A shocking new poll finds that President Joe Biden’s approval rating has fallen so low he is among the least-liked in the history of the country.
With the country in the throes of a major inflationary cycle and perhaps on the cusp of a recession, new data collected by polling firm Civiqs, Biden’s job approval has tanked to a shocking 32 percent this month, down from a nearly-as-bad 34 percent last month. The new approval rating — less than one-third of Americans — is Biden’s lowest since he took office and among the worst showing for a U.S. president in modern history.
“A whopping 57 percent of respondents said they do not approve of Biden’s job performance,” One America News reported, citing the polling data.
“In addition to this, the president’s net approval ratings are now negative in 48 states, which is up from 47 states last month with the exception of Hawaii and Vermont. Biden now has a national net approval rating of -25 and most respondents are concerned about his poor handling of the economy,” the outlet added.
New / poll: Many Democrats feel disappointed with President Biden.
Percent of Ds who agree: “When President Biden took office, I thought he was going to do more to help people like me.”
Democrats, total: 44%
Democrats, age 18-34: 62%— Civiqs
Meanwhile, administration officials as well as the president are continuing to discount reports suggesting a recession is either here or looming.
Asked on the sand near his vacation home in Rehoboth Beach, Del., about economic experts “saying a recession is more likely than ever,” Biden barked on Saturday: “Not — the majority of them aren’t saying that. Come on, don’t make things up, OK?
“Now you sound like a Republican politician,” the president complained before realizing how he came off and insisting, “I’m joking.

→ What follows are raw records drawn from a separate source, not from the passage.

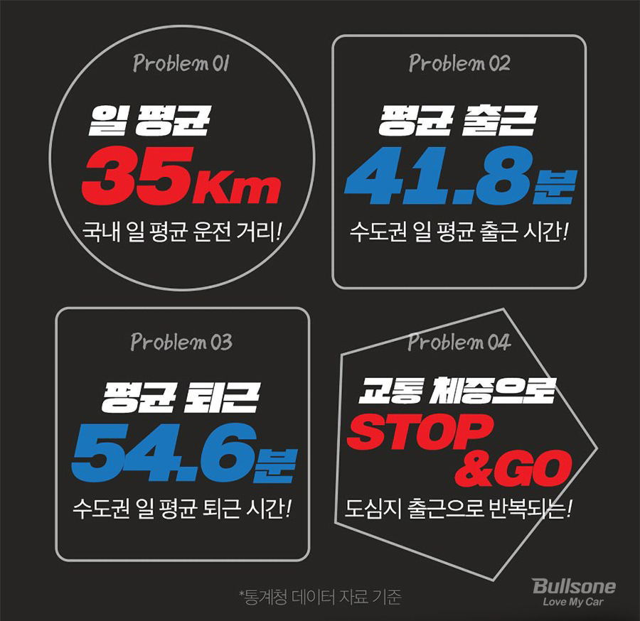 여러분들은 국내 일 평균 운전 거리가 35km라는 사실을 아시나요? 수도권 일 평균 출근 시간은 41.8분, 수도권 일 평균 퇴근 시간은 54.6분으로 교통 체증으로 인해 도심지의 STOP & GO 현상이 반복된다는 것을 아실 수 있습니다.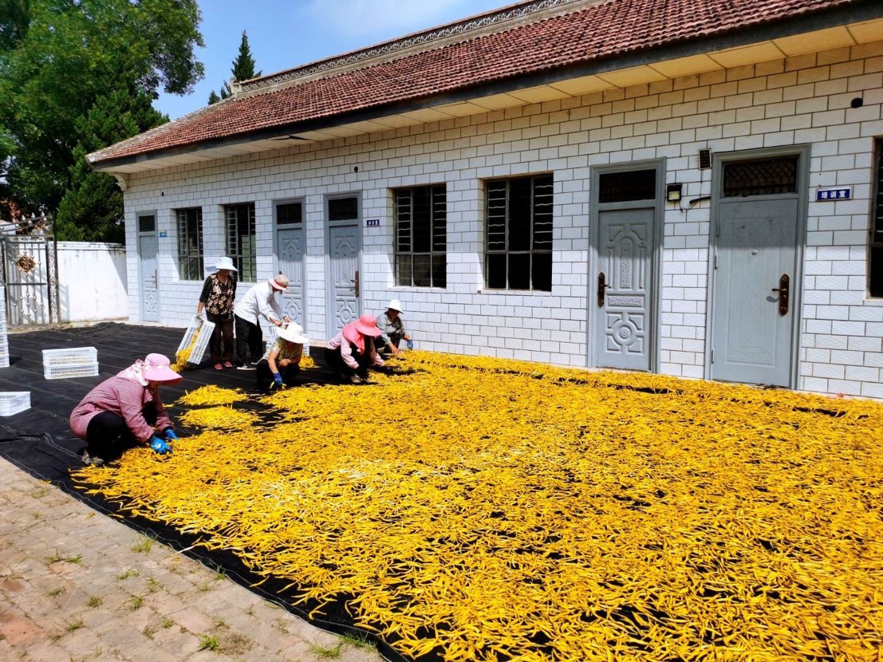 工人在南義鄉(xiāng)馬泉村晾曬黃花菜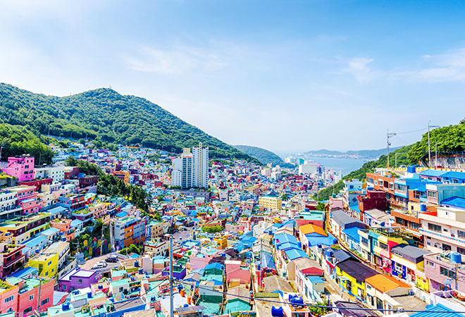 Làng bích hoạ Gamcheon - được những nghệ sĩ phục dựng bằng những sắc màu đầy tính nghệ thuật được mệnh danh là Santorini của xứ Kim Chi.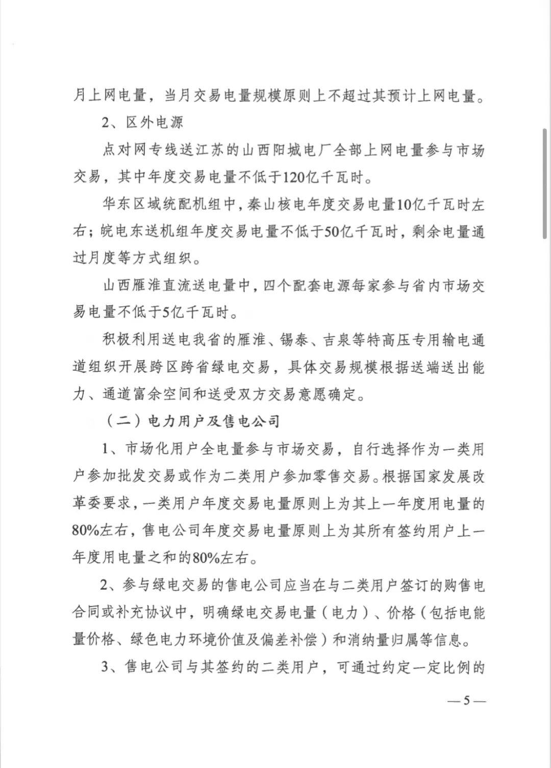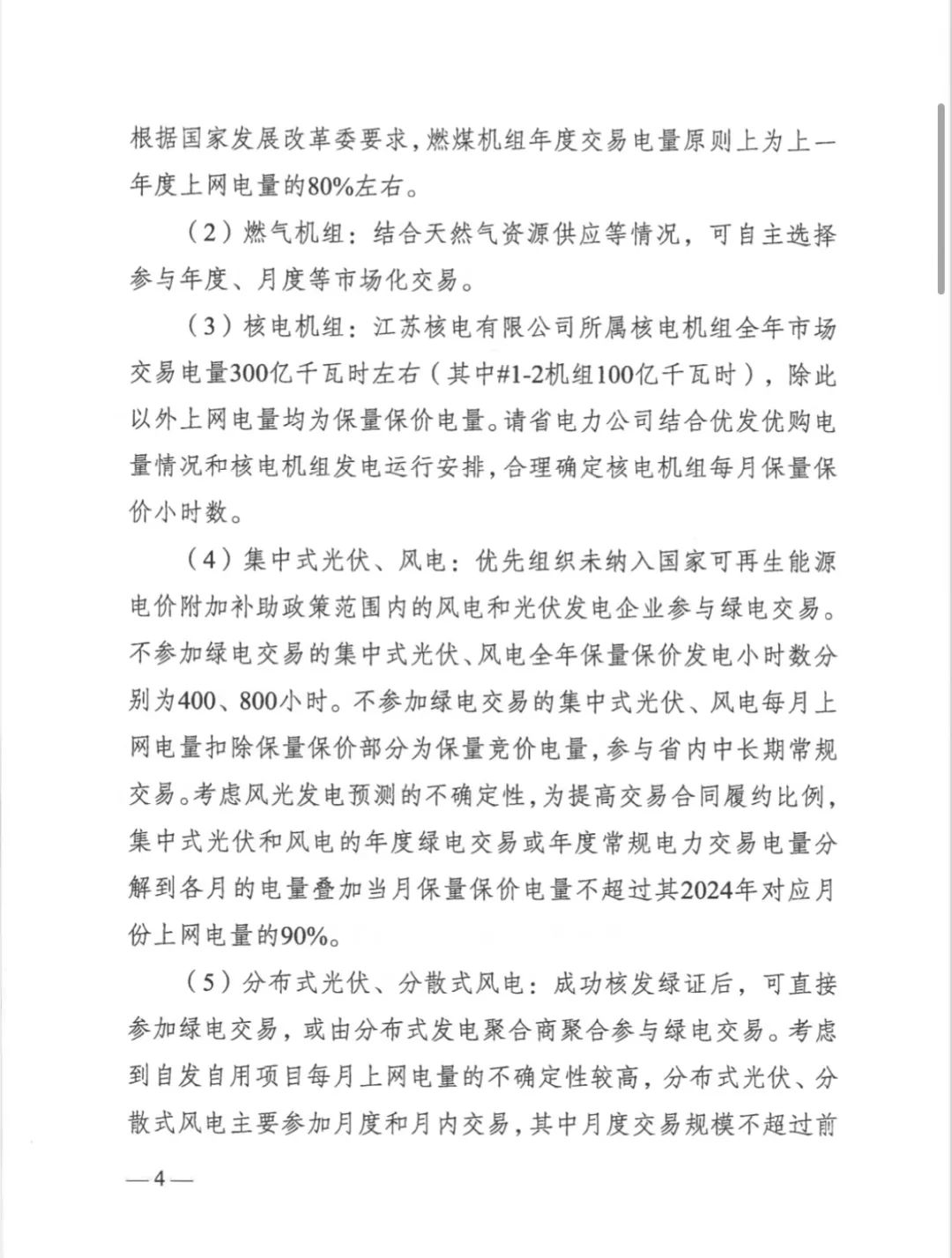◆不参加绿电交易的集中式光伏、风电全年保量保价发电小时数分别为400、800小时。

That was a joke,” the New York Post .
“But all kidding aside, no, I don’t think it is [inevitable],” Biden said. “I was talking to [former Treasury Secretary] Larry Summers this morning and there’s nothing inevitable about a recession.”
Other economists disagree, however, including Stephen Moore, who tweeted that the country has already entered a recessionary period.
“The recession is here:
-The stock market sold off
-Almost NO small business confidence
-Zero GDP Growth
-Inflation at 8 to 10 percent
Brace for impact!”
The recession is here:
-The stock market sold off
-Almost NO small business confidence
-Zero GDP Growth
-Inflation at 8 to 10 percentBrace for impact!
— Stephen Moore
And Americans are obviously concerned about a recession; Business Insider reports that they are searching that term more on Google now than at any time during the past 18 years.

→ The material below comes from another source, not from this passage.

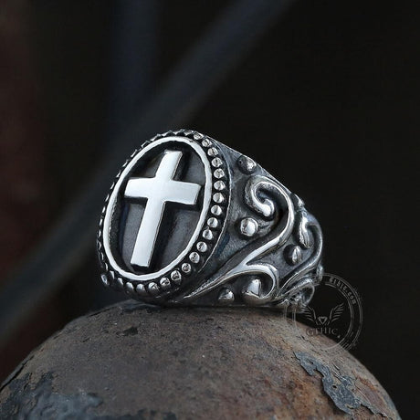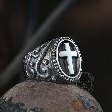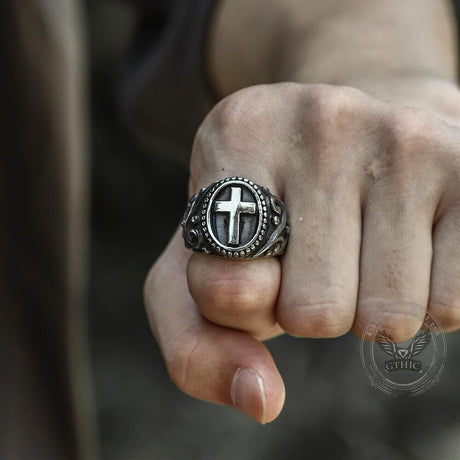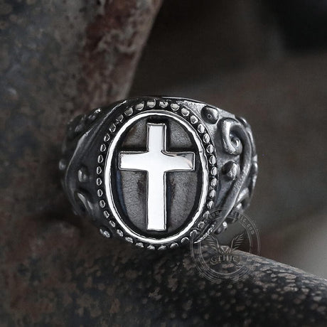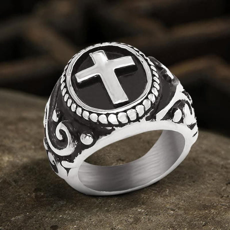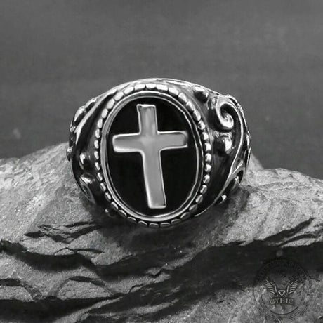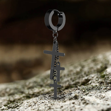 Cross Inlaid Black Stone Stainless Steel Earrings

Speaking to the Associated Press last week, Biden said the economy wouldn’t necessarily fall into recession, even as growth slows and inflation remains strong.
“First of all, it’s not inevitable,” he said. “Secondly, we’re in a stronger position than any nation in the world to overcome this inflation.”

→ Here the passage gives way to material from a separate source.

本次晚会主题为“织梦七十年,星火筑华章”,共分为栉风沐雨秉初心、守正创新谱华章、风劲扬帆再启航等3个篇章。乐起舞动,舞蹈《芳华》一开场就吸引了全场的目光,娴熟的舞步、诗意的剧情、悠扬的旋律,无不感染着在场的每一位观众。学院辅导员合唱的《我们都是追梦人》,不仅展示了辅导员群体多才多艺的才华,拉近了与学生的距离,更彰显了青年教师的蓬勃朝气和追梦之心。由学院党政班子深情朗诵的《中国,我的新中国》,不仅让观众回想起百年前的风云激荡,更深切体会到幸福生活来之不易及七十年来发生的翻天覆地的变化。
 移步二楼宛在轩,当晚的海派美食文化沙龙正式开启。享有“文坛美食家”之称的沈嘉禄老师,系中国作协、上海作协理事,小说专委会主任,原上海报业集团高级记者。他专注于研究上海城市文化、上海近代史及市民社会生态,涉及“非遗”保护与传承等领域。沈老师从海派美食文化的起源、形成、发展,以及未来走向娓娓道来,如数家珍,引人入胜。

But, according to Business Insider:
Such gloom is reflected in consumer sentiment over the US economy as high gas, food, and home prices hurt Americans’ wallets. Gas prices have soared to record highs as sanctions on Russia limit supply, with the current average national gas price rocketing above $5 per gallon, according to the American Automobile Association.
Consumer confidence has fallen to an all-time low. The University of Michigan consumer sentiment index hit a record lows of 50.2 in June, as a deteriorating economy, rising costs and concern about personal finances hit home. Economic slowdown is front of mind for millions of Americans. Google Trends data showing more people in the US have been looking up the word “recession” this week than at any time since 2004.
Economists at Bank Of America also believe a recession is likely.
“We see roughly a 40% chance of a recession next year. Our worst fears around the Fed have been confirmed: they fell way behind the curve and are now playing a dangerous game of catch up. We look for GDP growth to slow to almost zero, inflation to settle at around 3% and the Fed to hike rates above 4%,” the bank’s economists wrote.
Persistently high gas and food prices look to be the norm in the coming months, which is likely to further impact Biden’s approval rating as it continues the downward slide that began nearly a year ago.